In an airway emergency it is paramount that the right equipment is immediately available. The best way to ensure rapid access to difficult airway equipment is to keep it in an airway trolley. This is advocated in several published analyses of airway critical incidents including the 4th National Audit Project of the Royal College of Anaesthetists (NAP4).1
An example is shown below: from The Royal North Shore Hospital Intensive Care Unit.
The trolley consists of 4 drawers corresponding to Plans A, B, C and D of the Difficult Airway Society guidelines for the management of unanticipated difficult intubation.2 The symbols used to depict these Plans are from the Vortex cognitive aid.3
The first drawer (Plan A, Endotracheal Tube) contains all the equipment necessary for endotracheal intubation by laryngoscopy, including Storz C-Mac blades for use with the monitor attached to one of the upright poles on the back of the trolley.
The second drawer (Plan B, Supraglottic Airway Device, SAD) contains second-generation SADs (igels) for airway rescue. If circumstances allow (i.e the patient can be oxygenated via the SAD, and it is thought appropriate), the SAD can be converted to an endotracheal tube with the use of the Ambu aScope, using the monitor attached to the other upright pole, with or without the Aintree Intubating Catheter (AIC). The AICs and bronchoscopes are located in the side baskets.
Note that the C-Mac and Ambu aView screens can be turned round, so that the intubator can see them while allowing the airway assistant access to the drawers.

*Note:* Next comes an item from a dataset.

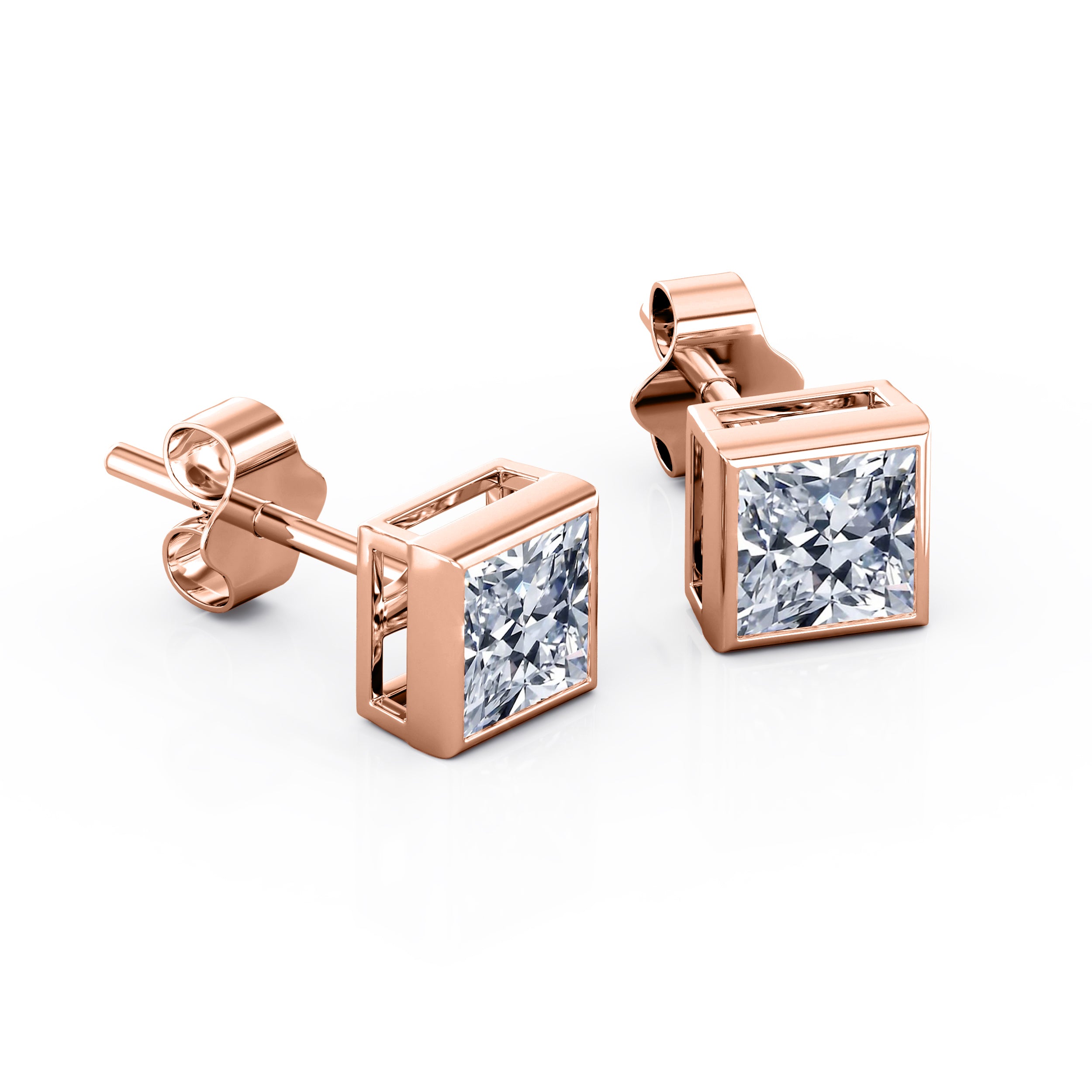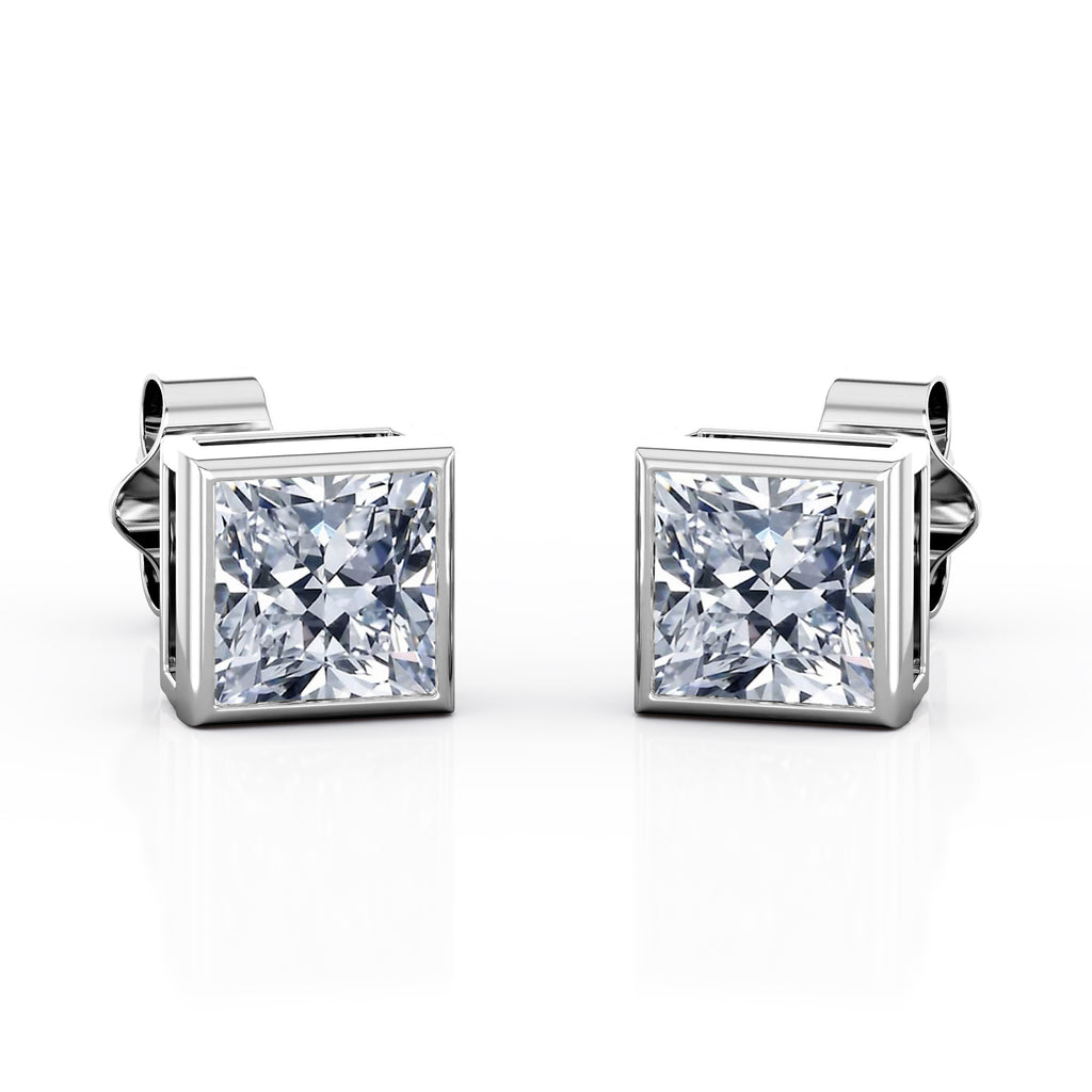 Single Stone Bezel Set 1 Carat Princess Cut Moissanite Simple Ear Studs in White Gold
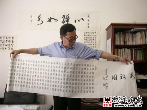 “万福图”献给北京奥运赵羽/摄 主角:付晓义 关键词:福字献奥运 都市心愿 ■记者 赵羽/报道 本报吉林市电 从蛟河市法院退休的付晓义自幼研习书法。并通过自己研究总结,将字体变形,写出了2008个字体不同的福字。他表示,希望将这2008个福字献给奥运组委会,祝奥运会圆满成功。 今年59岁的付晓义对中国传统的书法、绘画有一种特别的偏爱。退休后,开始潜心研究书法艺术。1992年,他无意中看到了一幅百福图,他想起福文化在中国人心中的地位。决定收集各种字体的福字。从此,报纸、杂志,甚至在饭店喜庆婚宴上看到的福字,他都描摹下来,回家后再临摹到宣纸上。对这些福字倾注了他所有的情感,付晓义感慨地说,中国福字文化太渊源流长了,他收集了15年,仍然没有找全。 今年4月份的时候,付晓义将自己收集的福字进行整理,终于在24米长的宣纸上完成了2008个福字的“万福图”。他表示,要将这个“万福图”献给奥运组委会,预祝奥运会圆满成功。

The third drawer (Plan C, Facemask) contains facemasks, nasopharyngeal and oropharyngeal airways of various sizes.
The fourth drawer (Plan D, CICO rescue) contains equipment for cannula, surgical and Seldinger cricothyroidotomy techniques. It also contains an Airway Exchange Catheter and Staged Extubation Kit.
For Intensive Care and Emergency clinicians, the goal is almost always endotracheal intubation. We appreciate that this is not the case in the operating department, where a SAD may be the first choice. The drawers are arranged in the order outlined above for the sake of standardisation.
On the side of the trolley is a file containing our Emergency Intubation Checklist and Emergency Airway Cognitive Tool, which combines the DAS and Vortex approaches to difficult airway management. We believe that the DAS guidelines should be used for forward planning and to help with the choice of techniques, while the Vortex cognitive aid helps the team with decision making, such as when to abandon a technique and move onto the next.
Move your cursor over the various parts of the trolley and click on the links for further information.
- Cook TM, Woodall N, Harper J, Benger J, Fourth National Audit P. Major complications of airway management in the UK: results of the Fourth National Audit Project of the Royal College of Anaesthetists and the Difficult Airway Society. Part 2: intensive care and emergency departments. British journal of anaesthesia. 2011;106(5):632-642.
- Frerk C, Mitchell VS, McNarry AF, et al. Difficult Airway Society 2015 guidelines for management of unanticipated difficult intubation in adults. British journal of anaesthesia2015;115(6):827-48.
- Chrimes N. The Vortex: a universal ‘high-acuity implementation tool’ for emergency airway management. British journal of anaesthesia 2016;117 Suppl 1:i20-i27.